Carmack is many levels above Pearl.

To unpack which "levels" I was grading on, it's something like a blend of "importance and significance of their work" / "difficulty of the problems they were solving", admittedly that's still pretty vague. On those dimensions, it seems entirely fair to compare across topics and assert that Pearl was solving more significant and more difficult problem(s) than Carmack. And for that "style" isn't especially relevant. (This can also be true even if Carmack solved many more problems.)

But I'm curious about your angle - when you say that Carmack is many levels above Pearl, which specific dimensions is that on (generativity and style?) and do you have any examples/links for those?

comment by jimrandomh · 2019-09-12T02:01:17.861Z · score: 2 (1 votes) · LW(p) · GW(p)
By generativity do you mean "within-domain" generativity?

Not exactly, because Carmack has worked in more than one domain (albeit not as successfully; Armadillo Aerospace never made orbit.)

On those dimensions, it seems entirely fair to compare across topics and assert that Pearl was solving more significant and more difficult problem(s) than Carmack

Agree on significance, disagree on difficulty.

comment by NaiveTortoise (An1lam) · 2019-11-13T23:52:49.041Z · score: 1 (1 votes) · LW(p) · GW(p)

In an interesting turn of events, John Carmack announced today that he'll be pivoting to work on AGI.

comment by mr-hire · 2019-09-06T19:33:57.290Z · score: 5 (3 votes) · LW(p) · GW(p)
There might be something like all truly monumental engineering breakthroughs depended on something like a "scientific" breakthrough.
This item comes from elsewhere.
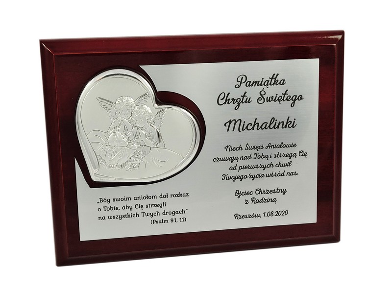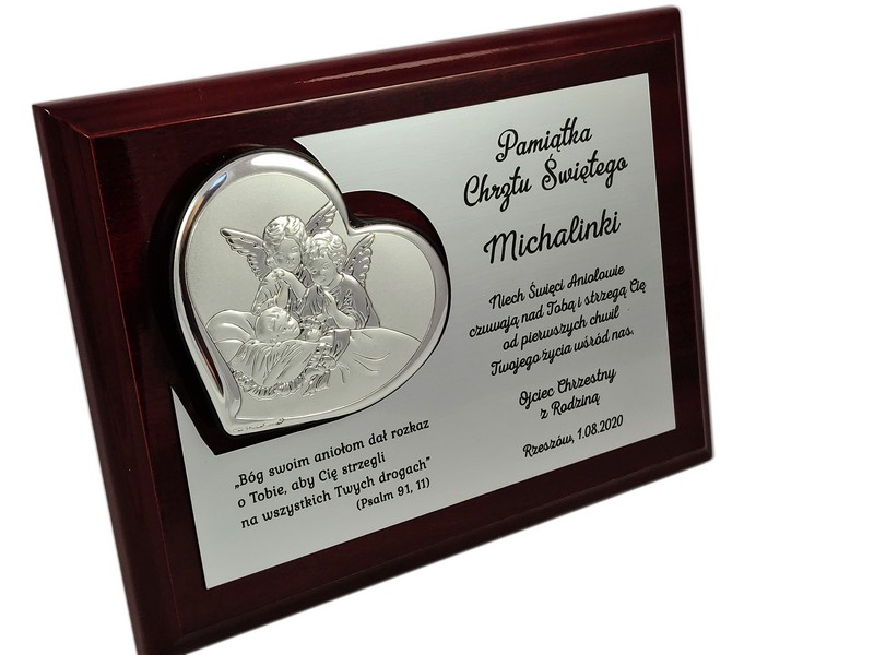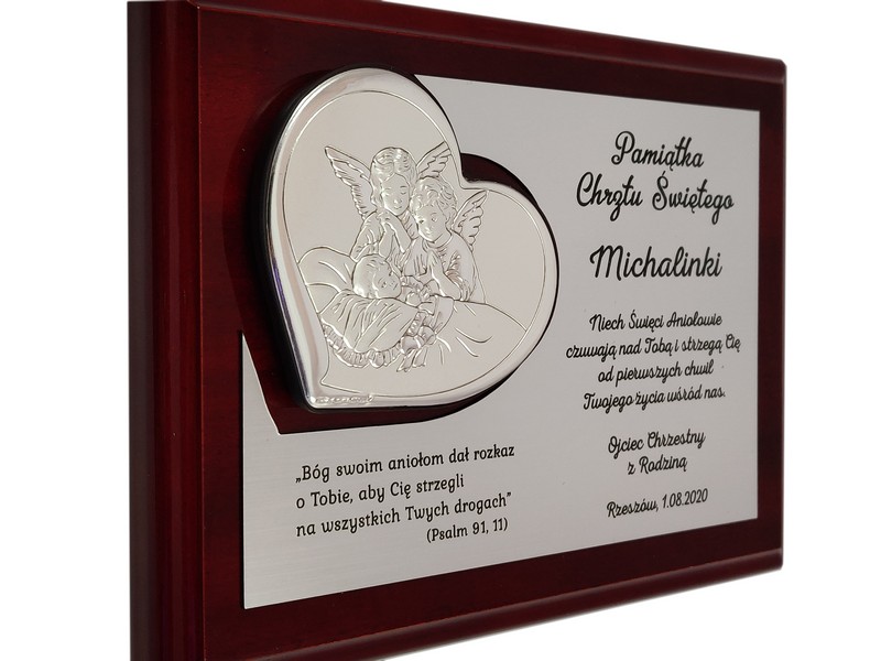 Pamiątka Chrztu Świętego w formie wyjątkowego upominku - srebrnego obrazka z aniołkami w sercu na ciemnym drewnie.

Something like Faraday and Maxwell figuring out theories of electromagnetism is actually a bigger deal than Edison(/others) figuring out the lightbulb, the radio, etc. There are cases of lauded people who are a little more ambiguous on the science/engineer dichotomy. Turing? Shannon? Tesla? Shockley et al with the transistor seems kind of like an engineering breakthrough, and seems there could be love for that. I wonder if Feynman gets more recognition because as an educator we got a lot more of the philosophy underlying his work. Just rambling here.

TRIZ is an engineering discipline that has something called the five levels of innovation, which talks about this:

1. You solve a problem by using a common solution in your own speciality.

2. You solve a problem using a common solution i your own industry.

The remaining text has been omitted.